_What is required_
Could you copy every line of the data that contains "with"?

_Records for this exercise_
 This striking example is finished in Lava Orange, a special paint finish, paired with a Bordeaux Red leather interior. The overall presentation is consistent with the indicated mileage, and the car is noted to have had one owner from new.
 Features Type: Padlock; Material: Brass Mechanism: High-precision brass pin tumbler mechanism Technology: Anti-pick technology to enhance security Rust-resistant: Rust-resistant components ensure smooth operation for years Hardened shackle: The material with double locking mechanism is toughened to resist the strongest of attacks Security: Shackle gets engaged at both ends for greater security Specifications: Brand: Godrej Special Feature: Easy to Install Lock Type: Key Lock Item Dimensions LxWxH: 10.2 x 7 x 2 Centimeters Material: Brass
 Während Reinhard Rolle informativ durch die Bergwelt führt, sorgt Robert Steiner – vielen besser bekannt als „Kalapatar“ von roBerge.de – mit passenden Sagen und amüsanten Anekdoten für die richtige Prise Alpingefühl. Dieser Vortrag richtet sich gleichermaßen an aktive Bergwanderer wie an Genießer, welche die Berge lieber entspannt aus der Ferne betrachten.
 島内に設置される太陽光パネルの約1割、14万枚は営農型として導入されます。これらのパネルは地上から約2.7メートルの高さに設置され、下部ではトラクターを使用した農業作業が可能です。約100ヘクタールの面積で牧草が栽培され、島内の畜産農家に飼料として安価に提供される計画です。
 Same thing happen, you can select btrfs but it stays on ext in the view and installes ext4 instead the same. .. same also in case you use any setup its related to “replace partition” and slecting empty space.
* * *
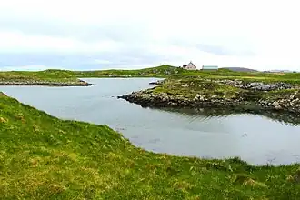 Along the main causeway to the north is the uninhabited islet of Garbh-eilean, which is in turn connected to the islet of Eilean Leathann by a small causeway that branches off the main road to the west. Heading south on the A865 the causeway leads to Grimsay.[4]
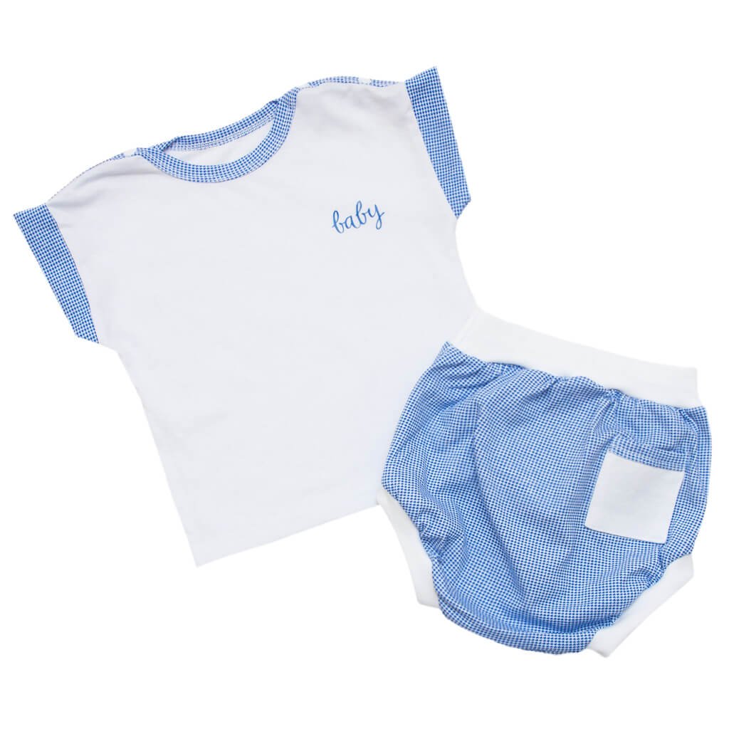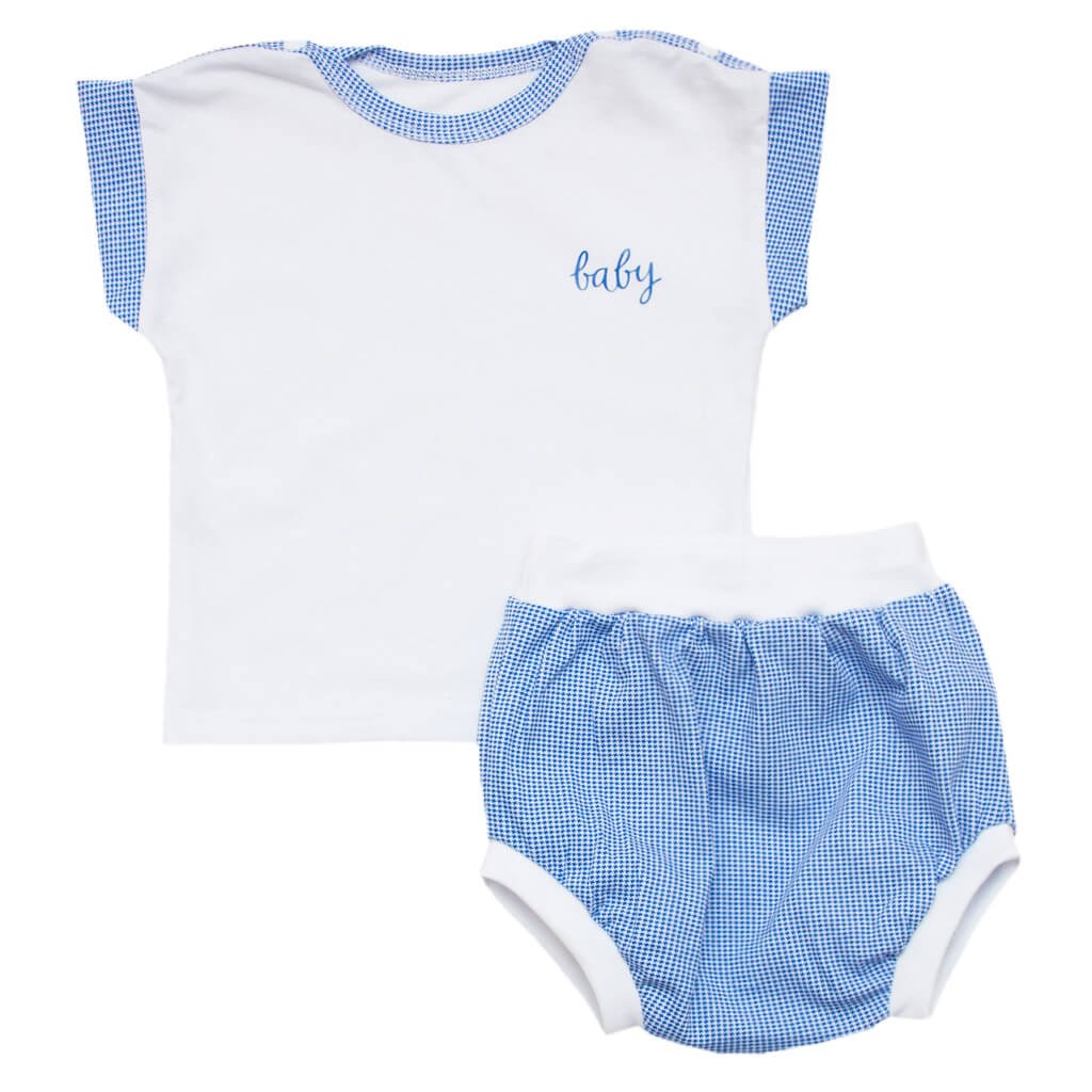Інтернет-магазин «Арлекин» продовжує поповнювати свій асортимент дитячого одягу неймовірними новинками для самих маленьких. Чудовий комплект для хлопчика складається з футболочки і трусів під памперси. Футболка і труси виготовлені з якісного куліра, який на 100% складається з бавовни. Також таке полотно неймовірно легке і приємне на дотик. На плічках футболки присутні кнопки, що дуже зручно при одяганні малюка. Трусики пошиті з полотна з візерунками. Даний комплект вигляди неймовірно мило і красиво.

_Solved exercise_
 This striking example is finished in Lava Orange, a special paint finish, paired with a Bordeaux Red leather interior. The overall presentation is consistent with the indicated mileage, and the car is noted to have had one owner from new.
 Features Type: Padlock; Material: Brass Mechanism: High-precision brass pin tumbler mechanism Technology: Anti-pick technology to enhance security Rust-resistant: Rust-resistant components ensure smooth operation for years Hardened shackle: The material with double locking mechanism is toughened to resist the strongest of attacks Security: Shackle gets engaged at both ends for greater security Specifications: Brand: Godrej Special Feature: Easy to Install Lock Type: Key Lock Item Dimensions LxWxH: 10.2 x 7 x 2 Centimeters Material: Brass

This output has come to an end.